INRA, UMR1348 PEGASE, Saint-Gilles, France.
PLoS One. 2012;7(11):e50653. doi: 10.1371/journal.pone.0050653. Epub 2012 Nov 28.
There has been a surge in studies linking genome structure and gene expression, with special focus on duplicated genes. Although initially duplicated from the same sequence, duplicated genes can diverge strongly over evolution and take on different functions or regulated expression. However, information on the function and expression of duplicated genes remains sparse.

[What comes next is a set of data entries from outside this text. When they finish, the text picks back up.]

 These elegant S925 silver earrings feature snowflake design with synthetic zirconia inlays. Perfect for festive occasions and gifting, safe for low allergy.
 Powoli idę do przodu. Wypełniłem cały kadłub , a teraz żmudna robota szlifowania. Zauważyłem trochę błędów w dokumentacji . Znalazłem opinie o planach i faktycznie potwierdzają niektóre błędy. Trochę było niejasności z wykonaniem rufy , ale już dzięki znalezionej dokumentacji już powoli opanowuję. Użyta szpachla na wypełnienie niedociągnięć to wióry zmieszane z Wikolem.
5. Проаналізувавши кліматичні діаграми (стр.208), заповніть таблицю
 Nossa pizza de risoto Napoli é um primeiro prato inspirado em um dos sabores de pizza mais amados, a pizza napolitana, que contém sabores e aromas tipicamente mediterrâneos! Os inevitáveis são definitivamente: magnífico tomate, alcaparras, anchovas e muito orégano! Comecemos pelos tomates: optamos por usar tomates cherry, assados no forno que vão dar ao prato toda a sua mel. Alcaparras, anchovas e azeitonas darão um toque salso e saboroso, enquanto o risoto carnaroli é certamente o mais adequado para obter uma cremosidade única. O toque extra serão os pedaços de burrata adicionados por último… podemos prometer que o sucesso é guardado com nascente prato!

Identifying groups of duplicated genes in different genomes and characterizing their expression and function would therefore be of great interest to the research community. The 'Duplicated Genes Database' (DGD) was developed for this purpose.
Nine species were included in the DGD. For each species, BLAST analyses were conducted on peptide sequences corresponding to the genes mapped on a same chromosome. Groups of duplicated genes were defined based on these pairwise BLAST comparisons and the genomic location of the genes. For each group, Pearson correlations between gene expression data and semantic similarities between functional GO annotations were also computed when the relevant information was available.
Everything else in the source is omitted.